I have several Type functions that should probably be static or hell, just non-members. But I'm powering ahead now until exceptions. When I have Itanium ABI exceptions, I'll take a break from new features and clean up/test everything. At least, that's what I promise myself so I can sleep at night. As long as my existing test base passes, it's More Feature Time until I have exceptions.

Saturday 7 June 2014

Vtable layout- thanks Itanium ABI

Came across a slight fun factor today- namely, that derived classes don't get their own vtable, but they often need one.

In Wide's current vtable layout model, each class has a vtable listing all the dynamic functions it has, regardless of source, and then we add offset to top and RTTI pointer to that. For calling dynamic functions found in the base class, we convert to the base class pointer and look them up through the base class vtable.

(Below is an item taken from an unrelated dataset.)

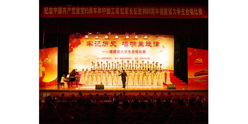 6月4日,由省教育厅主办、省合唱协会协办、我校承办的纪念中国共产党建党95周年和中国工农红军长征胜利80周年福建省大学生合唱节目巡评赛在我校陈祖昌大礼堂举行。我校陈亚兵副校长、省教育厅体卫艺和文字工作处叶灵处长到场观看比赛。比赛由中国合唱协会副理事长、福建省合唱协会会长、国家一级指挥邱孝胥,中国合唱协会常务理事、福建省合唱协会副会长、省幼高专教授邵宁等9名相关专业人士担任评委。

However, this leaves us a problem with the offset-to-top and RTTI pointers, namely that we have a derived class which needs updated offset-to-top and RTTI but has no vtable of it's own. So if I have something like

     type base { dynamic f() {} } // offset, rtti, f
     type base2 { dynamic g() {} } // offset, rtti, g
     type base3 { dynamic h() {} } // offset, rtti, h
     type derived : base2, base {} // no vtable
     type more_derived : base3, derived {} // no vtable


It's pretty clear here that when derived and more_derived are constructed, they need to set new offset and RTTI pointers in their base classes, which currently they do. The problem comes when implementing RTTI and dynamic_cast for derived itself, as it doesn't have a vtable carrying the necessary data. For RTTI I can probably poll for any vtable, as they should all have the same RTTI entry. offset-to-top is more problematic because every base has a different value, and that value would need to be adjusted depending on where you got it from to account for the derived class's other bases.

In addition, I could consider adding vtable slots for inherited virtual functions. There is an argument that in some circumstances these could be more efficient.

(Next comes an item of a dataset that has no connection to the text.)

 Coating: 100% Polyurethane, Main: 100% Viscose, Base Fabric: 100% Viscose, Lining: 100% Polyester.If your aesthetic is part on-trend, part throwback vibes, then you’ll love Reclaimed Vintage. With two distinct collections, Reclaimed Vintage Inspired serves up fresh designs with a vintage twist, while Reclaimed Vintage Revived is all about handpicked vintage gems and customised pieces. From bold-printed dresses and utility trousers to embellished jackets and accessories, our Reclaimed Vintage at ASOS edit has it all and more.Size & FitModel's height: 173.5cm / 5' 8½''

But if I move to Itanium ABI then that whole primary-base thing will take care of this, so I think that today I will simply do that.

Friday 6 June 2014

Standard library smoke tests

Had an interesting experience today. I wanted to show off my typeid() support, so I put a test up to Coliru. Instead of returning true I output it with cout. Imagine my surprise when this failed. printf() is one thing as it's variadic and I don't explicitly support that just yet. But there's no reason why a simple std.cout << true should fail.

This is down to lack of something that robot termed "smoke tests". With the new typeid() support comes a new testing constraint- the test environment must have a working copy of the stdlib, including headers. Previously I didn't need the headers, only the symbols, which on Linux I acquired from my own process (srsly) and on Windows I loaded MinGW's libstdc++. This is why I didn't have any tests interacting with the C++ or C Standard libraries.

But now that I require that the headers are available anyway, then I may as well introduce tests that check that Wide can successfully interoperate with the C and C++ Standard libraries. For example I well recall having an unusual problem getting malloc() to function.

What I'm not sure about is how to construct this driver. For example, if I wanted to check that std.cout << true executes correctly, I'd .. what, redirect the process stdin/stdout and check their contents? Smoketesting other stdlib features seems simpler. Then there's tests for warnings which I still haven't constructed yet.

Thursday 5 June 2014

Had a funsie with vtables. In the previous implementation, vtables were only initialized if the more derived type had a virtual pointer. This was always the case when needed before because if you had any virtual functions you had a virtual pointer. Of course, with RTTI and offset-to-top implemented, you need to override the base vtable even if you don't change the functions that are called.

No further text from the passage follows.